【本編完結】諏訪子様になった、負け戦を回避したい   作:洩矢廻戦

50 / 147
 寝坊して書くのが遅れちゃいました


50話.先代結界②0.2秒の

 ――伊吹萃香が諏訪大国に到着する数十時間前。

 舞台は八岐大蛇の討伐、そして八坂神奈子の復活が同時に起こった丑三つ時にまで遡る。

 強敵を打ち破り、心身共に完全な無防備状態であった彼女らに襲い掛かる策。

 それは、偉大なる造形神による不意打ちであった。

 

「そしてこれは――もう半分の心臓の取引よ」

 

 袿姫の持つ彫刻刀が、諏訪子の心臓を一瞬で貫く。

 だが諏訪子は人間ではなく神。そして神奈子のように肉体に引っ張られない八百万の神である。これくらいで死にはしない。

 しかし目的を果たす為には、これだけで充分だった。

 袿姫と諏訪子の身体が光に包まれ、消えた。

 

「なっ…!」

 

 ――消えた。

 てゐの目の前で、二人は全く同じタイミングで身体を消失させ、どこかに消えた。

 目の前で起こったのだからそれは確かだ。だからこそその原理も、目的も全てがわからない。

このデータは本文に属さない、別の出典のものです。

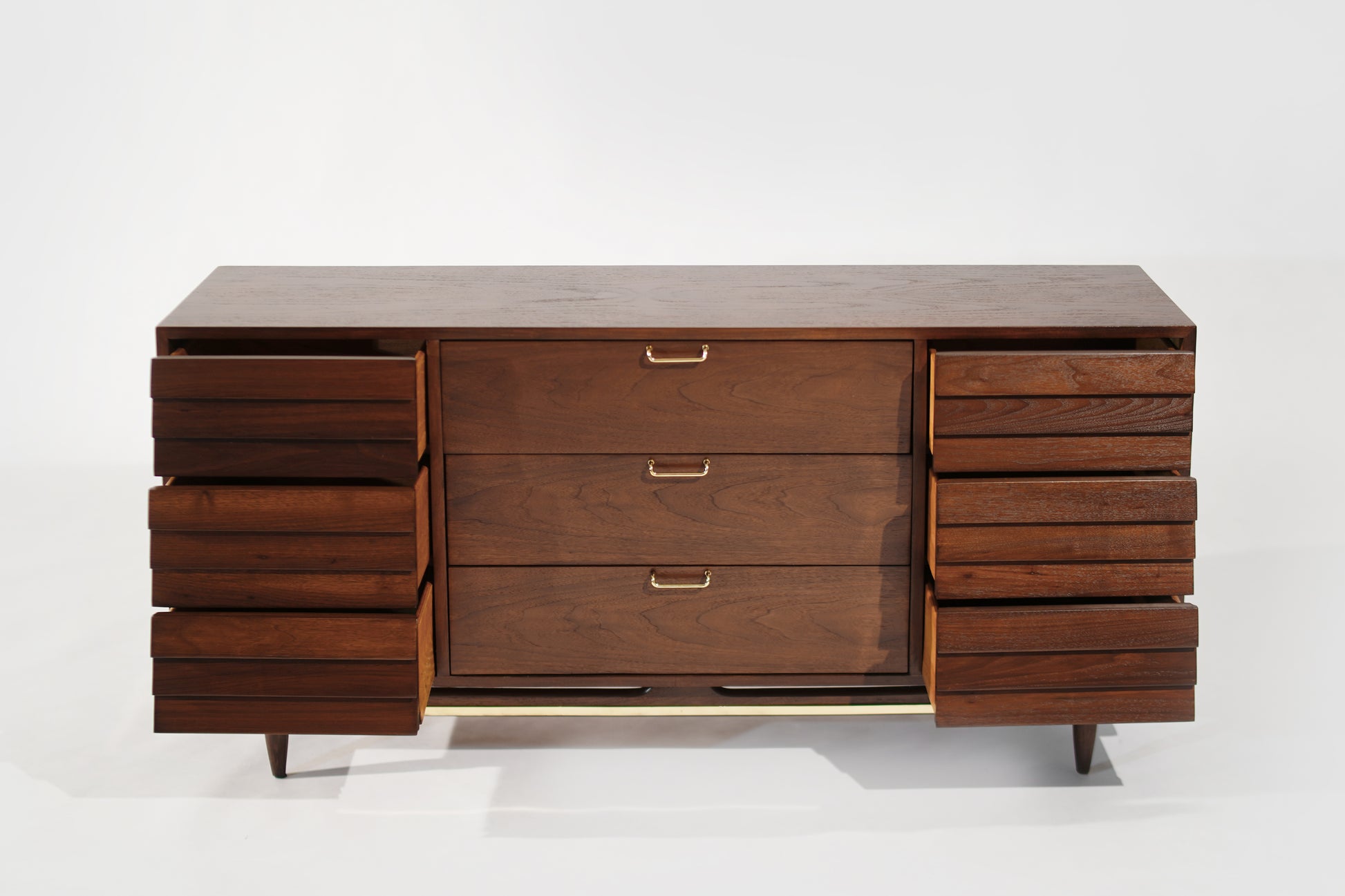 Mid Century Modern Walnut Dresser with Brass Accents, C. 1950s
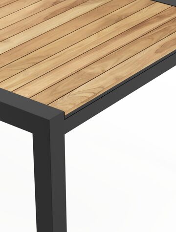 Deze Calobra tuintafel behoort tot de Bristol Essentials collectie. Het frame van de tafel bestaat uit aluminium, een licht en roestvrij materiaal. Het tafelblad van deze tafel is gemaakt van teak. Teak is een kwalitatieve houtsoort en is resistent tegen verschillende weersinvloeden. De goudbruine teak kleur zorgt voor een warme, natuurlijke uitstraling. De afmetingen van de tafel zijn L 220 x B 107 x H 75 cm. Met deze Calobra tuintafel beleef je onschatbare momenten voor een betaalbare prijs.

 考えられるのは、袿姫がどこか別の場所に転移したことだが…しかしそう考えると――

 

『おーい!てゐ聞こえるー!?』

「諏訪子!」

 

 上空だった。

 てゐの頭上から聞こえてきた声、それは先ほどまでのとは違い、ノイズの混じった機械音に近いもの。

 案の定見上げてみれば、てゐの視界に映ったのは彼女の従える祟り神の一匹、通話と映像の再生を行える異能を携えた便利な個体である。

 それは八岐大蛇の討伐前、天魔の屋敷と鬼ヶ島を繋ぎ、マエリベリーとの会話を行った際にも使っていたから――

 

「…待て」

 

 てゐの表情が固まった。

 

「諏訪子、あんた今どこにいる?」

『なんか変な場所。袿姫の心象風景?それとも仕事場?どっちかはわからないけどとにかく異次元のどこか』

「祟り神は」

『何百体か私に引っ張られてこっちに引きずり込まれた。不味いね…そっちの方に残ってるの、本当にそこまで強くないやつなんだ』

 

 狙いは何か。

 誰によるものか。

 てゐはあまりにも突拍子に続けて襲い掛かって来る不測の事態に、苛立ちを隠さず舌打ちを零しながら考える。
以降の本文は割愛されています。